SELECT user, title FROM edits WHERE bot=false;

Since we are querying a stream, the result is a never-ending list of results. To cancel the query, press Ctrl-C.

We can also instruct KSQL to build a new stream backed by a Kafka topic, for example:

CREATE STREAM real_user_edits \
  WITH ( \
    KAFKA_TOPIC = 'real_user_edits', \
    VALUE_FORMAT = 'JSON', \
    PARTITIONS = 3) AS \
  SELECT user, title, revision, comment, length, meta, type, timestamp \
  FROM edits \
  WHERE bot=false \
  PARTITION BY user;

This creates the new KSQL stream and starts a background task to keep it continually updated with new data according to our query. Note that all of the properties specified in the WITH clause are optional - sensible defaults are used if none are specified.

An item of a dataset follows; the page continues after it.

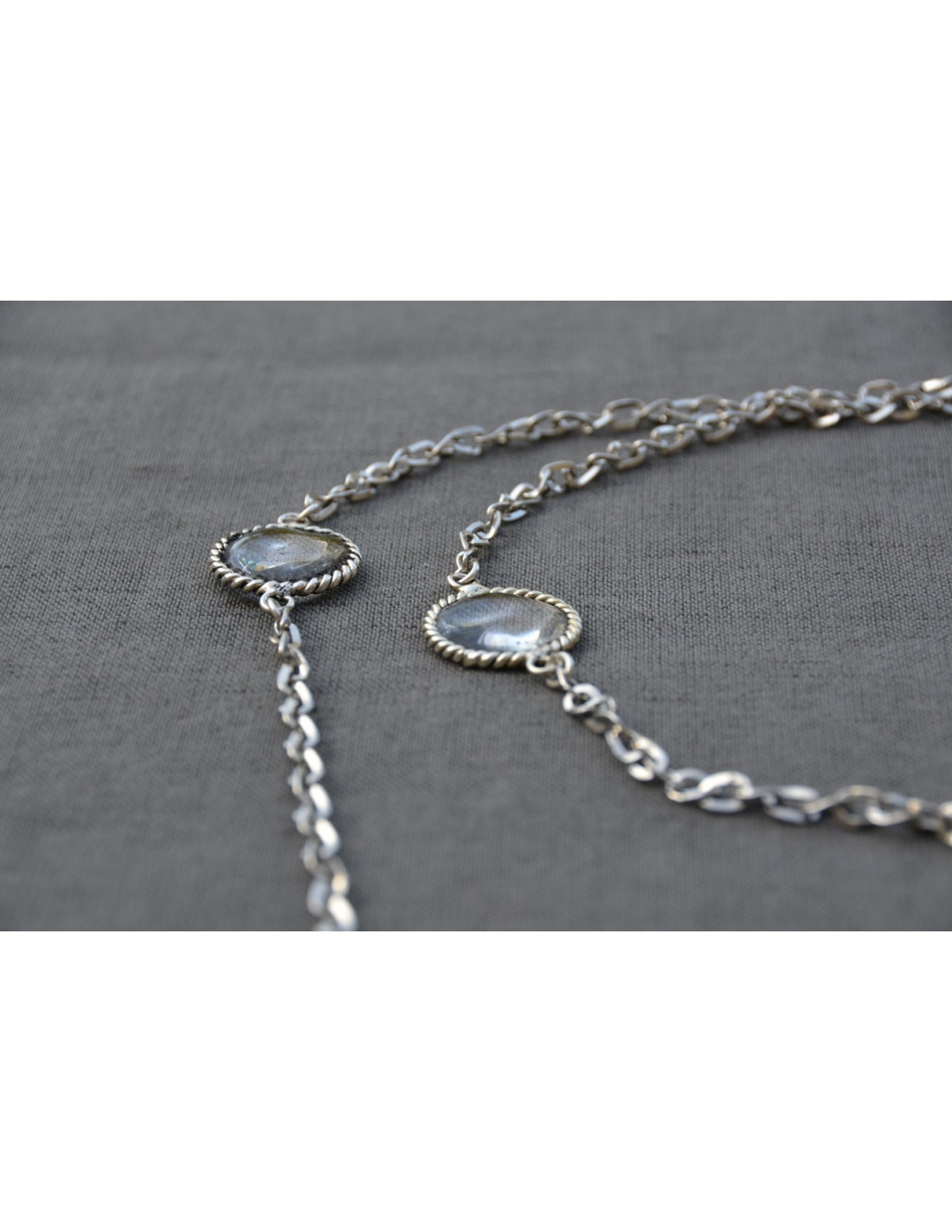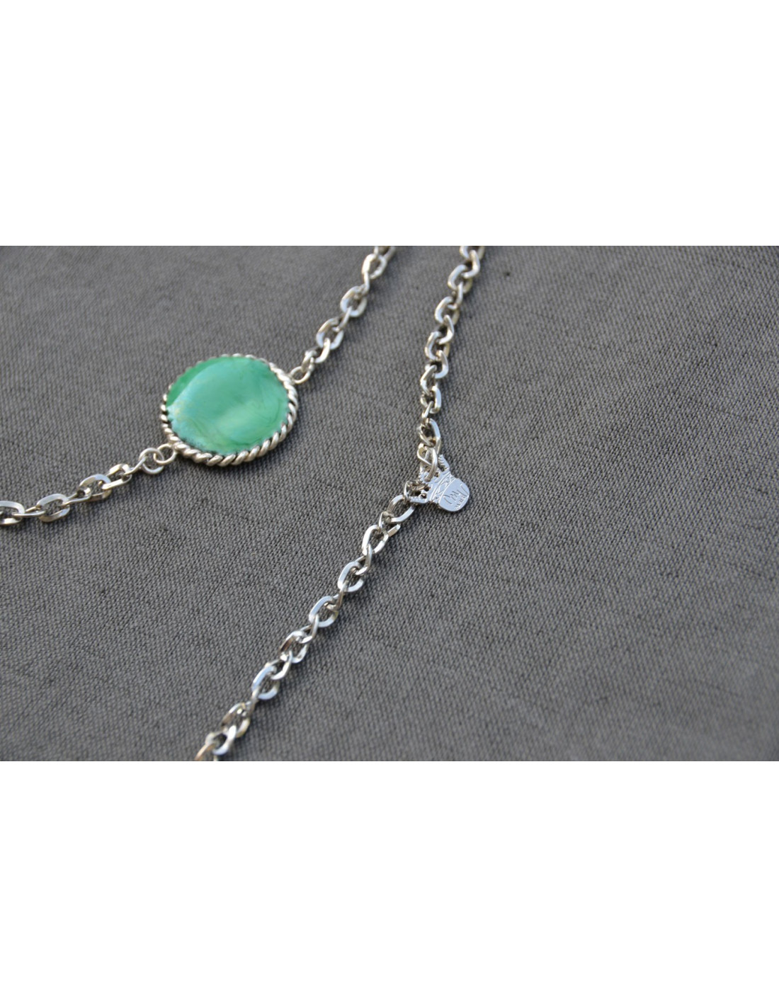 Sautoir Marguerite de Valois pâte de verre transparente et vert jade, chaine en métal argenté.

If you like, you can query this new stream to view its contents:

SELECT * FROM real_user_edits;

Now let's create a table (a change log stream) that holds the total number of edits made by each user over time:

CREATE TABLE user_counts \
  WITH ( \
    KAFKA_TOPIC = 'user_counts', \
    VALUE_FORMAT = 'AVRO', \
    PARTITIONS = 3) AS \
  SELECT \
    user, count(*) AS count \
  FROM edits \
  GROUP BY user;

Like the real_user_edits stream, this is backed by a kafka topic and is automatically updated to reflect incoming data. This time, we're specifying Avro as the serialization format. You can look at the associated schema by querying Schema Registry:

curl -X GET http://localhost:8081/subjects/user-counts-value/versions/1

Which will give you something like:

{"subject":"user_counts-value","version":1,"id":1,"schema":"{\"type\":\"record\",\"name\":\"avro_schema\",\"namespace\":\"ksql\",\"fields\":[{\"name\":\"USER\",\"type\":\"string\"},{\"name\":\"COUNT\",\"type\":\"long\"}]}"}

Now let's join the user_counts stream with the real_user_edits stream to create a new stream that contains only the first edit by a particular user (and only users who are not bots):

CREATE STREAM first_time_edits \
  WITH ( \
    KAFKA_TOPIC = 'first_time_edits', \
    VALUE_FORMAT = 'JSON') AS \
  SELECT * \
  FROM real_user_edits e \
  LEFT JOIN user_counts c ON c.user = e.user \
  WHERE c.count = 1;

We might want to do this, for example, to power a microservice that performs some action such as sending an email the first time a new user makes an edit.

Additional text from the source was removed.